1st and 4th Mayor of Birmingham, Alabama
- In office December 19, 1871 – April 22, 1873
- Preceded by: Establishment created
- Succeeded by: James Robert Powell

Personal details
- Born: January 20, 1843 Demopolis, Alabama, U.S.
- Died: April 22, 1873 (aged 30) Savannah, Georgia, U.S.
- Spouse: Amelia Peters
- Children: 2

= Robert Henley (Birmingham mayor) =

American politician

Robert Harwell Henley was the first Mayor of Birmingham, Alabama, from 1871 until 1872.

==Life==
Robert Henley was born the son of attorney John Woodson Henley on January 20, 1843. He moved with his wife Amelia Peters to Elyton and founded the weekly newspaper Elyton Sun, which later became the Birmingham Sun, the city of Birmingham's first newspaper.
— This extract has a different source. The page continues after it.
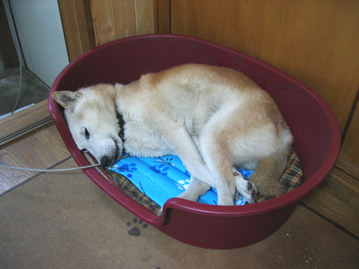 昨夜は蒸し暑かった~。。。私でも蒸し暑いんだから屋内で過ごすことになれていないゆうたには 相当暑かったようで。夜中に何度も起きて寝場所を変えてました。そのうちに やたらとへえへえ息づかいが荒くなってきたのでこりゃヤバイぞっ!!ってことで 急きょアイスノンをベッドのマットの下に入れたやりました。今朝見たら アイスノンを抱えてぐ~ぐ~寝てました。爆睡も良いところで 何やっても起きないし夢見て走ってましたよ。でも今日はちょっと涼しいので すぐに取り上げましたけど。暑いのも冷え過ぎも良くないのよ~!今からこれじゃあ 本格的に暑くなったらどうしましょう?ゆうた専用扇風機を用意するか?やっぱりクールマットを買うか?いろいろあるけどどれが良いの?買ったところで使ってくれのか!?
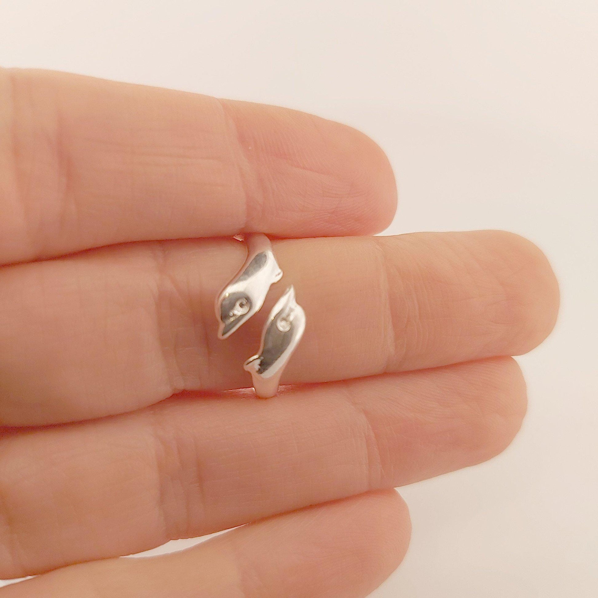 The ring features an elegant dolphin design rendered in high-quality 925 Sterling Silver, creating a sophisticated yet playful aesthetic.

Henley became the first mayor of Birmingham after the city's incorporation on 19 December 1871, appointed by Robert B. Lindsay, the Governor of Alabama at the time.

In 1872, he considered a run for state Senate, but withdrew on account of ill health. He contracted tuberculosis during his term of office and died on April 22, 1873, at the age of 30. He was buried at Oak Hill Cemetery in Birmingham.